Perry juga menjelaskan beberapa tekanan global tersebut. Salah satunya adalah pertumbuhan ekonomi yang diprediksi sebesar 2,9% pada tahun 2023 dan diperkirakan akan melambat menjadi 2,8% pada tahun 2024 dengan risiko yang lebih rendah.
Selain itu, ekonomi Amerika Serikat (AS) diperkirakan akan tumbuh kuat pada tahun 2023, terutama didukung oleh konsumsi rumah tangga dan sektor jasa yang berorientasi domestik. Namun, ekonomi China sedang melambat karena melemahnya konsumsi dan kinerja sektor properti.

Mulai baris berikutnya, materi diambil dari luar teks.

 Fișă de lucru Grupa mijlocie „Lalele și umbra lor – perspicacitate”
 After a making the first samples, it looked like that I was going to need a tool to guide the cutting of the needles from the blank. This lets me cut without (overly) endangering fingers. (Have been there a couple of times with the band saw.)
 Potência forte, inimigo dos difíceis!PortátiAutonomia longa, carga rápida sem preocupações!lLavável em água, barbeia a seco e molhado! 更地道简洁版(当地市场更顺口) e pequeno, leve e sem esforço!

Ketegangan geopolitik yang meningkat juga telah menyebabkan kenaikan harga energi dan pangan, yang menyebabkan inflasi global tetap tinggi. Oleh karena itu, suku bunga kebijakan moneter di negara maju, termasuk Federal Funds Rate (FFR) AS, diperkirakan akan tetap tinggi dalam jangka waktu yang lebih lama.

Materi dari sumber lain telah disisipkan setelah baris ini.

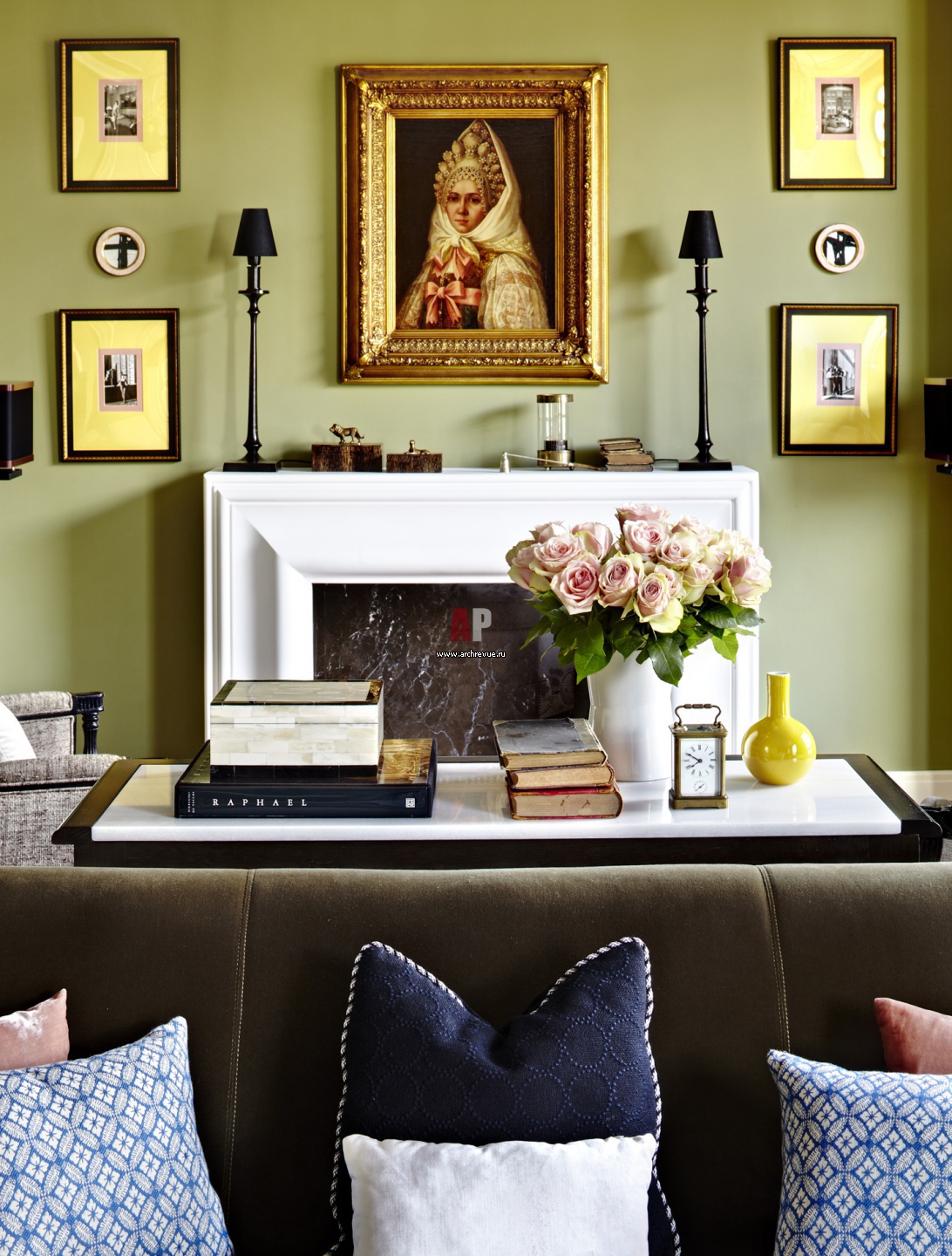 Зона камина в гостиной. Биокамин обрамлен порталом из гипса Atelier Sedap, поставщик Skol. Картины написаны мамой хозяина квартиры.
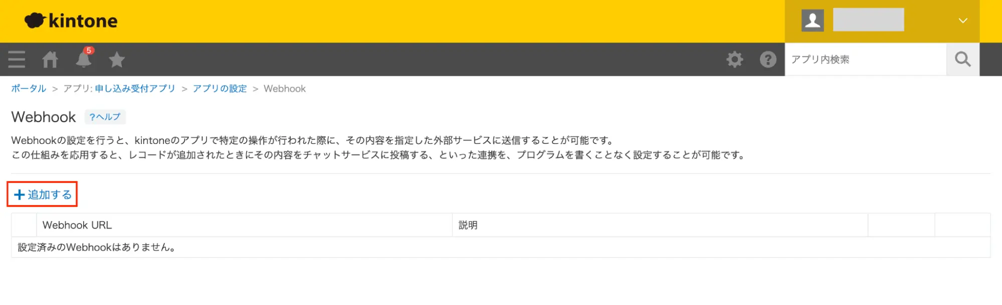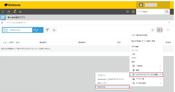 kintoneアプリ上で、設定→カスタマイズ/サービス連携→Webhookに進みます。
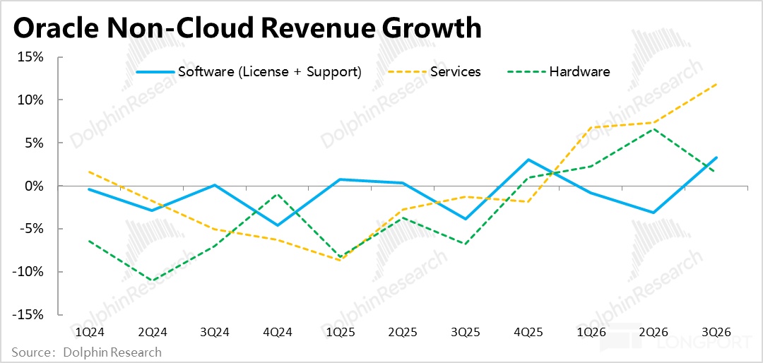 Only Consulting improved meaningfully, benefiting from OCI-led deployment demand, with growth accelerating and surpassing 10% this quarter. The contribution is still small, so the overall impact is limited.
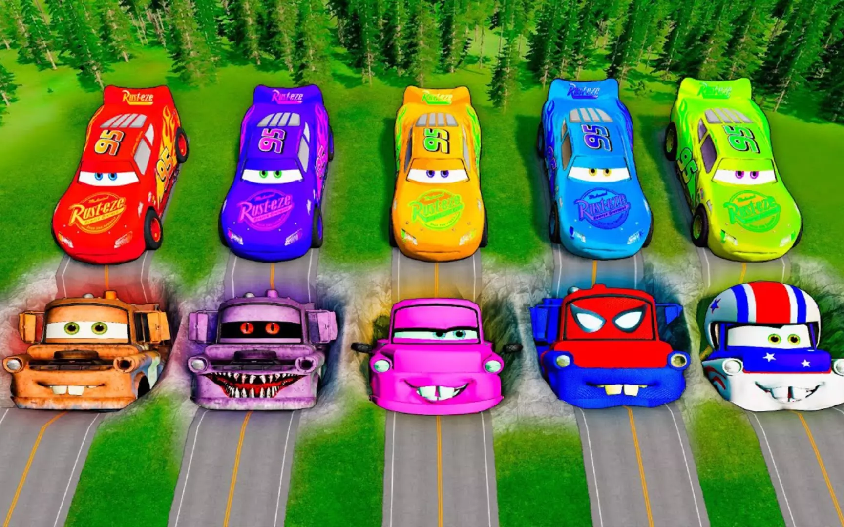 这是一则BeamNG车祸模拟器的搞笑内容,展示了麦昆造型的车辆挑战各种轮胎陷阱,过程中车辆出现碰撞、损毁等趣味场景,给玩家带来欢乐的模拟体验。
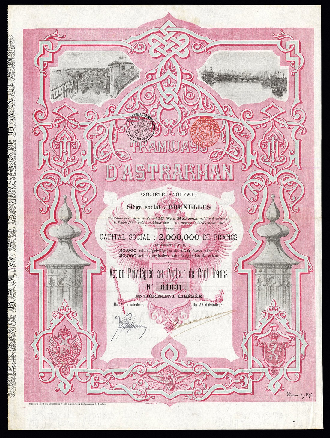 Tramways D'Astrakhan S.A., two pieces, one ordinary share without par value, together with one preference share for 100 francs, not dated but both circa 1896, ornate scrollwork, vignettes at top of trams in street, and river bridge, coats of arms at bottom corners, underprint vignette of Russian coat of arms, blue & orange, and red respectively, the first with coupons, both VF. (2)
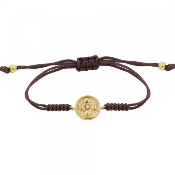 Pulsera Lauburu Redondo Plata Dorada y Circonita Marrón

Perry mengatakan bahwa berbagai perkembangan tersebut telah menyebabkan arus modal keluar dari negara-negara pasar berkembang menuju negara maju dan aset yang lebih likuid, yang membuat dolar AS menguat terhadap mata uang dunia lainnya. Bahkan, rupiah juga sempat melemah tajam, dengan kurs dolar AS hampir mencapai Rp 16.000.

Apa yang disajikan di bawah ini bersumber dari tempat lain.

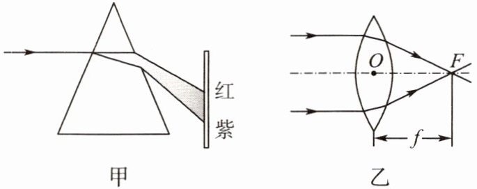 2. 如图所示,小薇在探究光的色散现象时,看到白光经三棱镜后,光屏上自上而下出现了红、橙、黄、绿、蓝、靛、紫的色带,小薇对产生的原因进行了思考。受此启发,在测量凸透镜的焦距时,小薇想:如果分别用红光和紫光平行于同一个凸透镜的主光轴射入,红光、紫光对凸透镜的焦距是否不同呢?请写出你的推断:
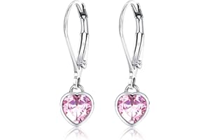 [JeryWe] 女の子のためのハートフープピアス 3ミニハート&クリスタルと925スターリングシルバーピアス、子供のジュエリー誕生日プレゼントのためのフープと小さなイヤリングと低刺激性ダングルフープ
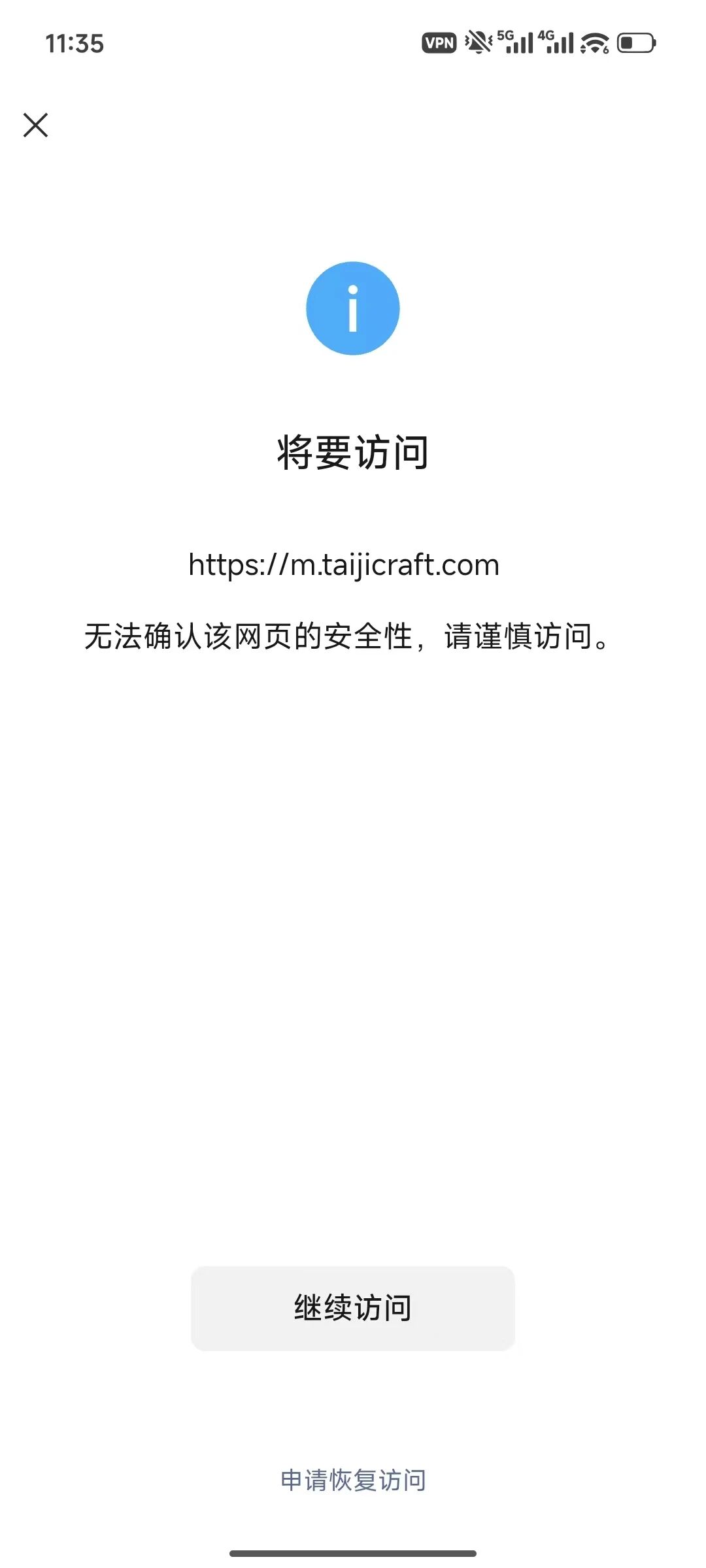 你好,经审核,域名【taijicraft.com】下的链接【https://m.taijicraft.com/】的内容存在违反《微信外部链接内容管理规范》的第2.1条“诱导分享类内容”,请对相关内容修改后进行申诉;申诉方式可点击停止访问页底部入口进行操作,我们会在三个工作日处理,请耐心等待。
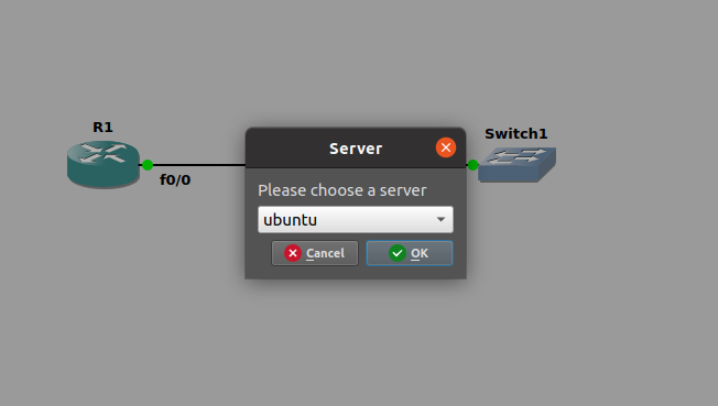 - Add cloud to your topology, but make sure to chose your host server, not GNS3VM as below:

Untuk itu, BI dan Komite Stabilitas Sistem Keuangan (KSSK) akan terus berupaya meningkatkan cadangan devisa melalui implementasi kebijakan devisa hasil ekspor (DHE). Perry juga menegaskan bahwa cadangan devisa Indonesia saat ini sudah lebih dari cukup dan berada di atas standar internasional sekitar 3 bulan impor.